▸ **WORK INSTRUCTION**
Please output only the lines that begin at the line with "Stylish geometric patterned" and run through the end of the entries below, exactly as written. Drop all pictures.

━━ DATA EXTRACTS ━━

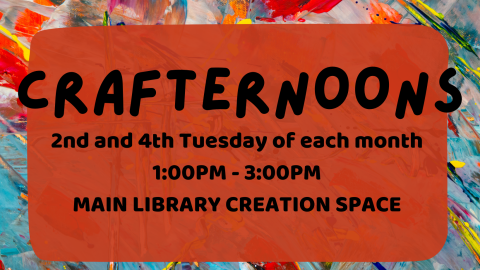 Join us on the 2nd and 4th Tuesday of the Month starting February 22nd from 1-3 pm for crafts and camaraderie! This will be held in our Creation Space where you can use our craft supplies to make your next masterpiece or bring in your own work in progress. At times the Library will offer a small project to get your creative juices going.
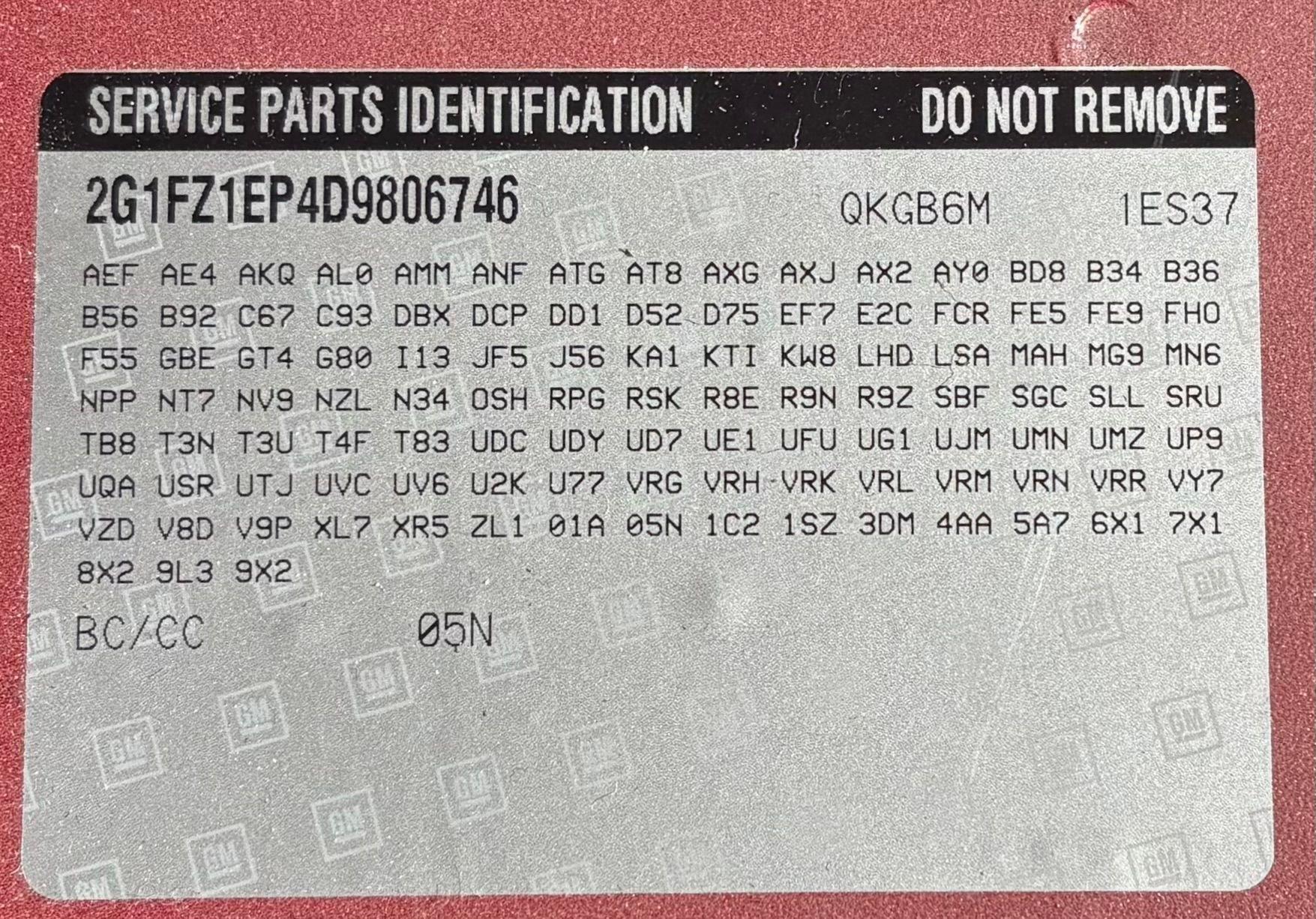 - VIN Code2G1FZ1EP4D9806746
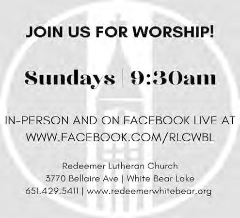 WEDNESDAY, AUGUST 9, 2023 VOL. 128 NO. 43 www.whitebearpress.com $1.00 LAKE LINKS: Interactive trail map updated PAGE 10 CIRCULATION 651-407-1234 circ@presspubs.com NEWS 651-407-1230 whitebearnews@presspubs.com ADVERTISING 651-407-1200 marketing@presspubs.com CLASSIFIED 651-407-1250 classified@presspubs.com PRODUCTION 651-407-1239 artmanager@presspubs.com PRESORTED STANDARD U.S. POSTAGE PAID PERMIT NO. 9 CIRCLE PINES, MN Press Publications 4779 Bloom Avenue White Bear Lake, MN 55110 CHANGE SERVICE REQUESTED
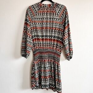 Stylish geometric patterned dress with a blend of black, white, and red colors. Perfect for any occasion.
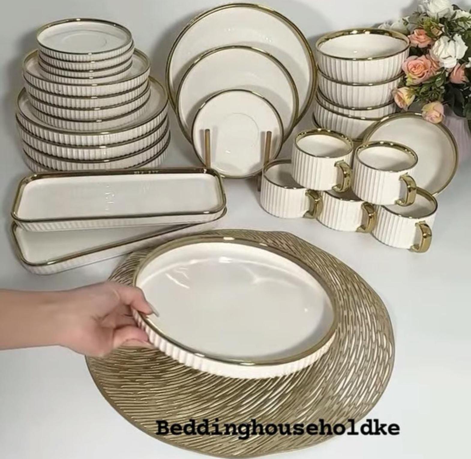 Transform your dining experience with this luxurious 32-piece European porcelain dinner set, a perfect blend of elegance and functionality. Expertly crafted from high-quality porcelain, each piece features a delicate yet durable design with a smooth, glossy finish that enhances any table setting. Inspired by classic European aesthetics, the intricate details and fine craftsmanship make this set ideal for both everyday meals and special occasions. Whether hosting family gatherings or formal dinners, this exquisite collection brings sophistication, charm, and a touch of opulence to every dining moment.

━━━

▸ **TASK ANSWER**
 Stylish geometric patterned dress with a blend of black, white, and red colors. Perfect for any occasion.
 Transform your dining experience with this luxurious 32-piece European porcelain dinner set, a perfect blend of elegance and functionality. Expertly crafted from high-quality porcelain, each piece features a delicate yet durable design with a smooth, glossy finish that enhances any table setting. Inspired by classic European aesthetics, the intricate details and fine craftsmanship make this set ideal for both everyday meals and special occasions. Whether hosting family gatherings or formal dinners, this exquisite collection brings sophistication, charm, and a touch of opulence to every dining moment.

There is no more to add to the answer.